= Language row and movement in Jharkhand =

2021–2022 Language Movement in Jharkhand is a language movement organized on 2021 in Jharkhand, which is still going on in 2022. The people's demand was expressed to protect the local language and to prevent the aggression of other languages on the local language. Local language rights activists in Dhanbad and Bokaro protested against the inclusion of Bhojpuri, Magahi and Maithili languages in the state government's list of regional languages for Dhanbad and Bokaro, and launched a series of movements under the banner of Jharkhandi Bhasa Bachao Sangharsh Samiti. On 30 January 2022, Local language right activists making a 50- km long human chain from Telmachcho to Chandankiyari in Bokaro with intensely protests. The voice of the protesters on that day was "Bahari Bhasa Nei Chalto", means outsiders' languages will not work.
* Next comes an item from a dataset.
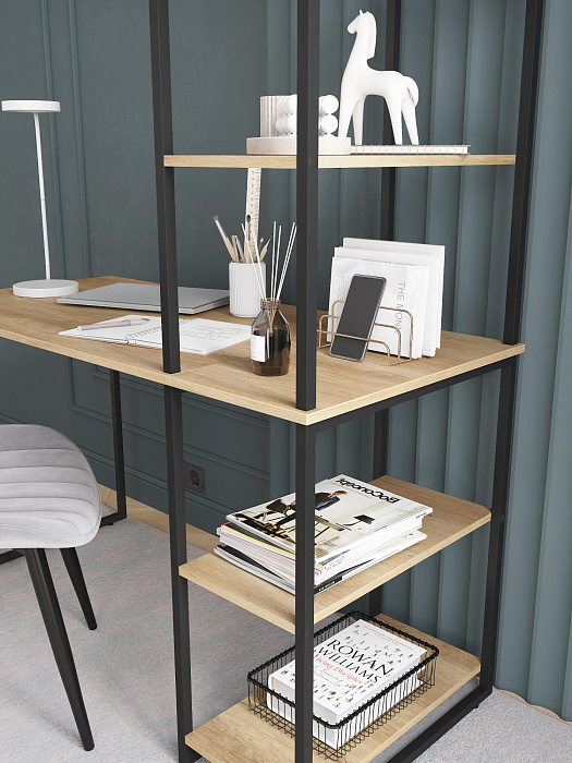 Стол-стеллаж RIDBERG MEMPHIS представляет собой функциональное решение для организации рабочего пространства в современном стиле лофт. Конструкция сочетает в себе письменный стол и систему хранения, что делает её особенно практичной для небольших помещений.

About five kilometer long torch procession was taken out under the banner of Jharkhand Bhasha Sangharsh Samiti, Nawadih on Tuesday to protest against making Bhojpuri and Magahi languages as regional languages in Dhanbad-Bokaro. About two thousand youths involved in this raised slogans against the government with torches in their hands. Nawadih Deputy Chief Vishwanath Mahato said that in any case the encroachment of language will not be accepted. Hemant government, who talks about the soil, is tampering with its culture, language and identity, which will not be tolerated. Protest foot march will be taken out in Nawadih on Wednesday. Bokaro district general secretary of Mukhiya Sangh, Gaurishankar Mahto said that Jharkhand has been found after a long fight. Under no circumstances will the identity of Jharkhand be allowed to be played with.